Although scientists continue to try to expand the use of adult stem cells, a key limitation remains. So far, it has been very difficult to get many types of adult stem cells to reproduce in sufficient amounts to lead to effective treatments.
4. Induced pluripotent stem cells, or iPS cells, are adult cells reprogrammed to behave like embryonic stem cells.
Recently, Japanese and American scientists have developed a third type of stem cell, which are skin cells that have been "reprogrammed" to be similar to embryonic stem cells.
About these cells, which are called "induced pluripotent cells", Morrison says, "This is exciting because it will really enhance our ability to study particularly inherited human diseases. But these cells aren't ready for prime time in terms of clinical use because the reprogramming process involves the use of viruses, which predispose those cells to cancer, and so none of the reprogrammed lines that we have so far at least would ever be usable in patients."

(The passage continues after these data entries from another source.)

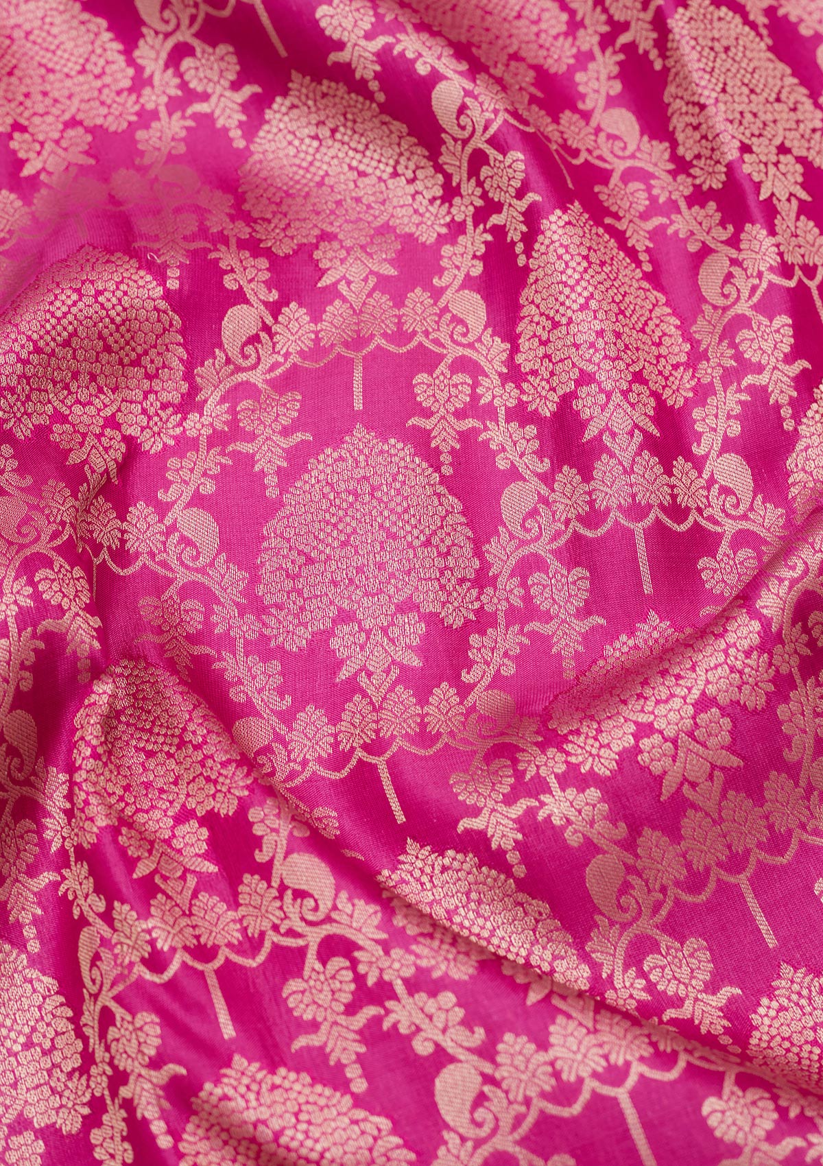 Rani Pink Silk Saree in Pure Silk fabric. The Silk Saree is elevated with Zariwork embroidery. It comes with an Unstitched blouse. Comes with the Koskii promise of premium quality.
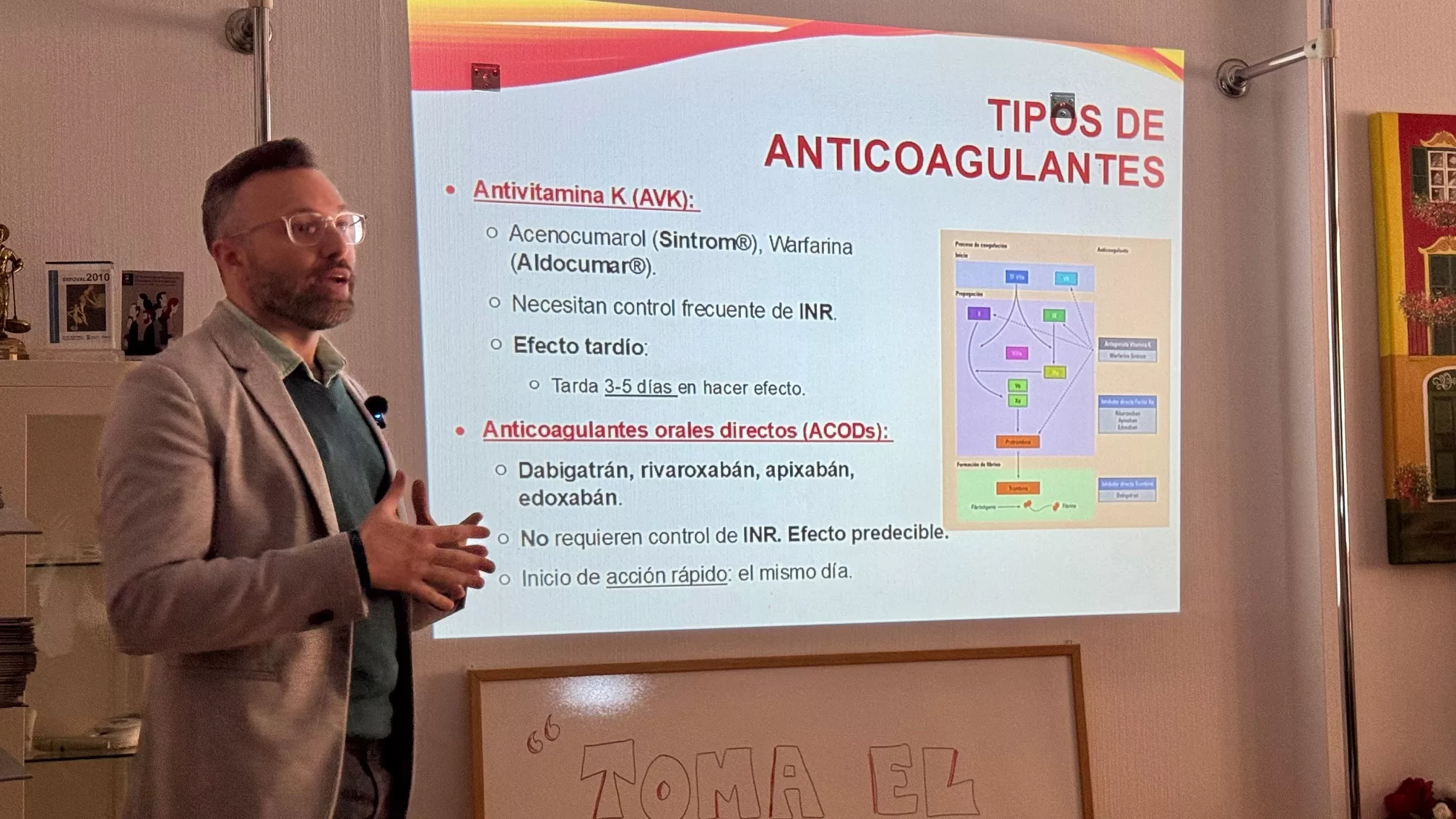 Durante el taller, los asistentes tuvieron la oportunidad de plantear preguntas y resolver dudas sobre situaciones concretas que afectan a los pacientes anticoagulados en su día a día. Se hizo especial hincapié en la importancia de seguir siempre las indicaciones del equipo médico, ya que cada caso es diferente y requiere una evaluación individualizada para determinar si la terapia puente es necesaria.
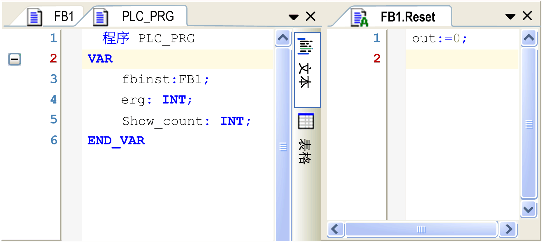 在该示例中,功能块 FB1 的每次调用增大或减小输出变量 out,具体取决于输入变量 in 的值。功能块的调用动作 Reset,将输出变量 out 设置为 0。在这两种情况下将写入同一变量 out。
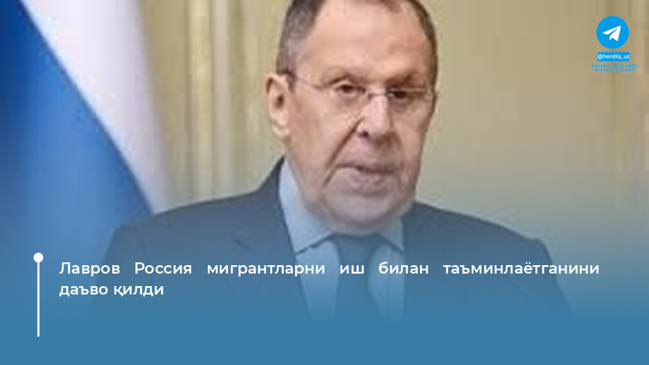 Россия ташқи ишлар вазири Сергей Лавров мамлакатда ишчи кучи танқислиги ва хорижий мигрантлар масаласи ҳақида тўхталиб ўтди. Унинг сўзларига кўра, Россия ҳукумати хориждан атайлаб одам жалб қилаётгани йўқ, балки Россияда ишлашни истаган минглаб хорижликларнинг мурожаатларини кўриб чиқмоқда.
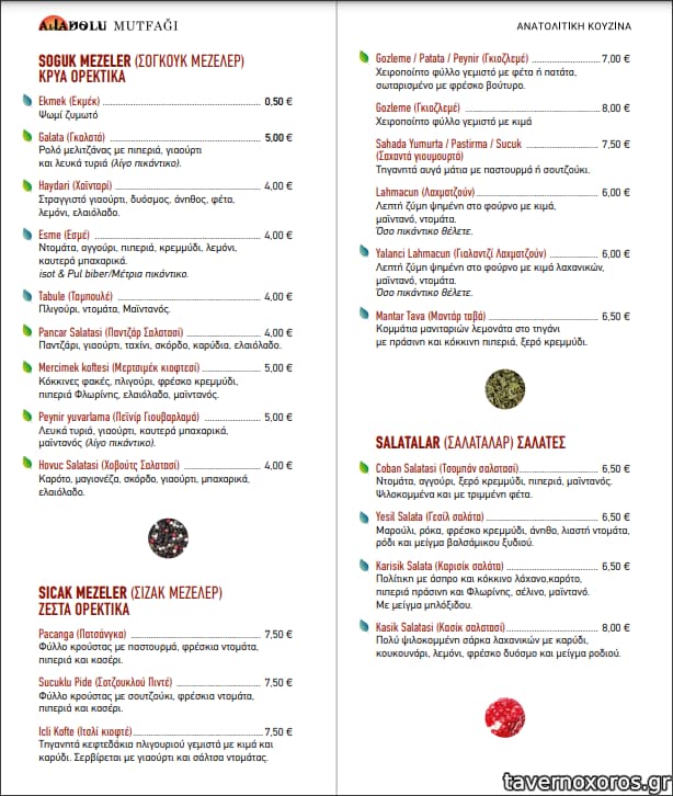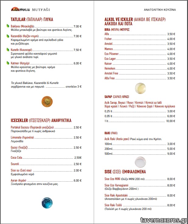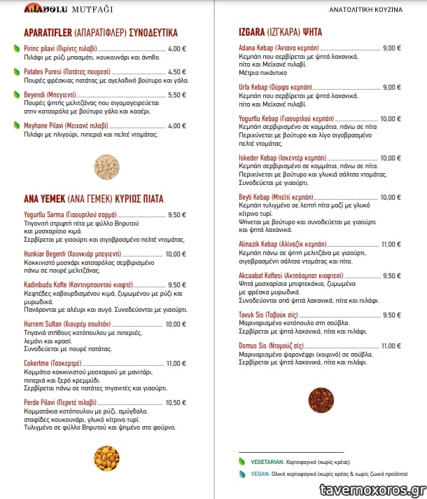 Το μαγαζί το δουλεύουν Τούρκοι και έχει εξαιρετική τούρκικη κουζίνα. Σε αντίθεση με τις γεύσεις το περιβάλλον δεν αντανακλά τον ιδιαίτερο χαρακτήρα του. Τρίτη επίσκεψη προσφάτως και έχουν δοκιμασθεί αρκετά πιάτα. Ξεχωρίζουν:
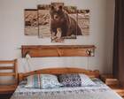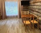 Коттедж разделен на 2 части с отдельными входами. В каждой части: 1 этаж 100 м2: две комнаты (в первой комнате — двуспальная кровать, во второй — двуспальная и односпальная кровати).
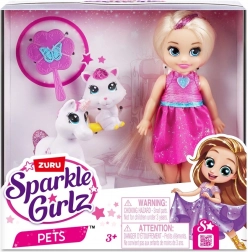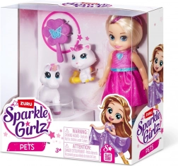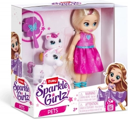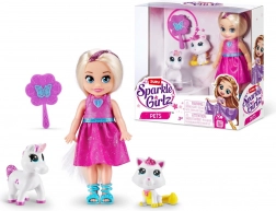 Oplev den magiske Sparkle Girlz-verden! Denne dukke i en smuk kjole med glitrende detaljer og langt hår er ideel til hverdagsleg. Med det medfølgende kæledyr og tilbehør kan børn skabe deres egne historier og udvikle både finmotorik og sociale færdigheder.

The discovery of iPS cells demonstrates the promise of embryonic stem cell research to lead to breakthroughs that would change the future of medicine; the ability to reprogram adult human cells was discovered as a result of research on human embryonic stem cells. While iPS cells are an exciting discovery, scientists agree it is too early to assess the technique's full potential and determine whether the reprogrammed cells truly can function the way embryonic stem cells do.
5. Michigan scientists want to explore all types of stem cells to look for treatments or cures. But they currently lack a key tool: the ability to develop their own embryonic stem cell lines.
Most Michigan scientists, along with many Michigan citizens affected by debilitating diseases, want current state law to be changed. If the Proposal 2 ballot initiative passes, the law would change to allow Michigan scientists to do what they currently cannot: develop new embryonic stem cell lines using early-stage embryos from fertilization clinics that would otherwise be discarded.
"Under current law, we in Michigan can study cell lines that are created outside of the state, but we can't derive our own new lines within the state," Morrison explains. "That's a crippling problem because most of the lines that we would like to be able to study, in order to study the diseases that affect the people of Michigan, don't exist yet."
O'Shea notes an important fact about Proposal 2: it requires that the allowed embryos are ones that couples designate for research. The proposal outlaws the sale or purchase of embryos for research and states the research needs to abide by federal law.